*About this task*: Set down exactly the lines running from the one with "يأتي الكابل بمنافذ" to the last line of the listing below, both included, and skip every picture.

*Source material*:
▼

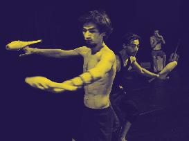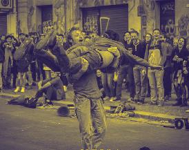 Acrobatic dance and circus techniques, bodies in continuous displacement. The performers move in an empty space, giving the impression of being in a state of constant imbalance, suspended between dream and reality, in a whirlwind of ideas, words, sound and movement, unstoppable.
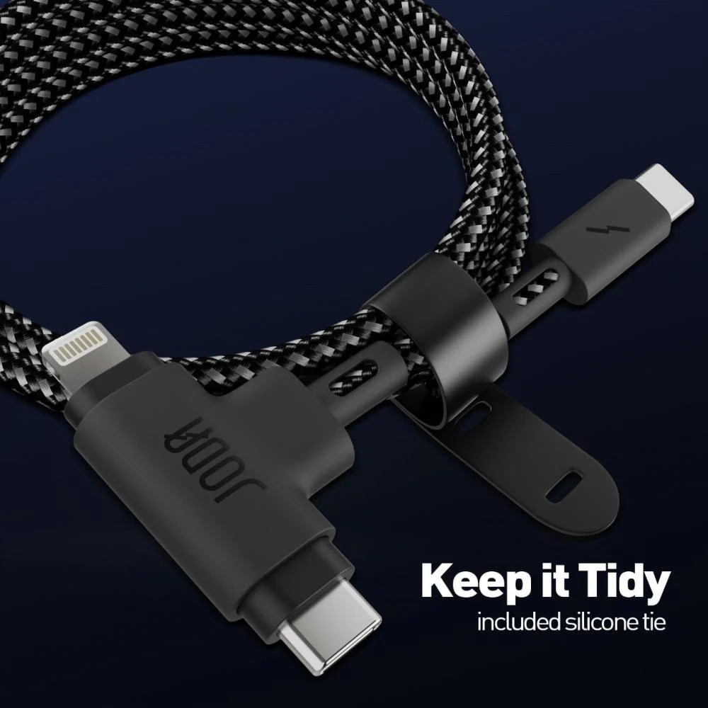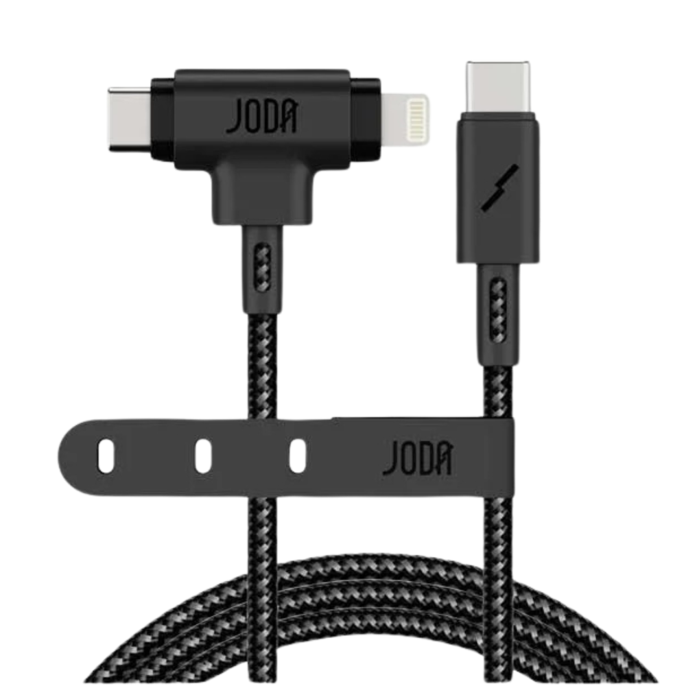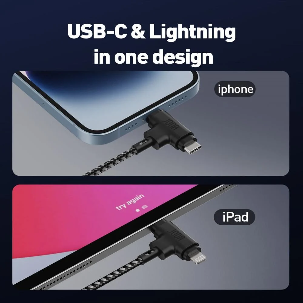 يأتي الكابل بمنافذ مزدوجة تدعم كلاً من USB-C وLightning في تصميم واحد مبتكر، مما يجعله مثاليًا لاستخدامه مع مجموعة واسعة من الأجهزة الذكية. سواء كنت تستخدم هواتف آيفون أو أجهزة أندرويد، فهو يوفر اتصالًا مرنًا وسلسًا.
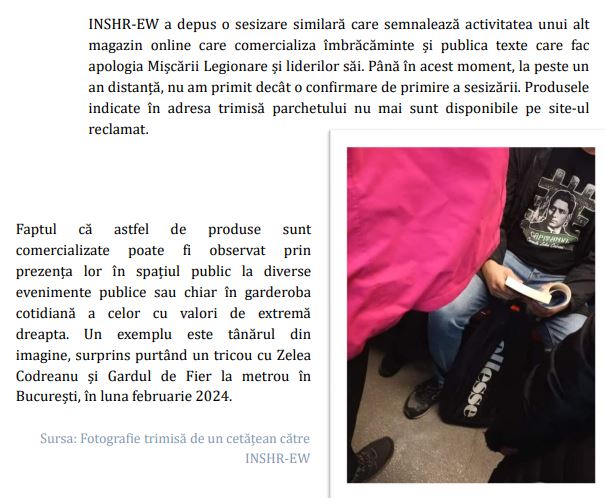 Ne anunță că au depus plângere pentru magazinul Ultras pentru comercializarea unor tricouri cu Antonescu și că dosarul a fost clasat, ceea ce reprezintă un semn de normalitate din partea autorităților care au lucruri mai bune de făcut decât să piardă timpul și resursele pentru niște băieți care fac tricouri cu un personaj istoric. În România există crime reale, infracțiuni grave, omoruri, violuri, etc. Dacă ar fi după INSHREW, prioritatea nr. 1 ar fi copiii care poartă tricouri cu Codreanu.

▲

*Solution for this problem*:
 يأتي الكابل بمنافذ مزدوجة تدعم كلاً من USB-C وLightning في تصميم واحد مبتكر، مما يجعله مثاليًا لاستخدامه مع مجموعة واسعة من الأجهزة الذكية. سواء كنت تستخدم هواتف آيفون أو أجهزة أندرويد، فهو يوفر اتصالًا مرنًا وسلسًا.
 Ne anunță că au depus plângere pentru magazinul Ultras pentru comercializarea unor tricouri cu Antonescu și că dosarul a fost clasat, ceea ce reprezintă un semn de normalitate din partea autorităților care au lucruri mai bune de făcut decât să piardă timpul și resursele pentru niște băieți care fac tricouri cu un personaj istoric. În România există crime reale, infracțiuni grave, omoruri, violuri, etc. Dacă ar fi după INSHREW, prioritatea nr. 1 ar fi copiii care poartă tricouri cu Codreanu.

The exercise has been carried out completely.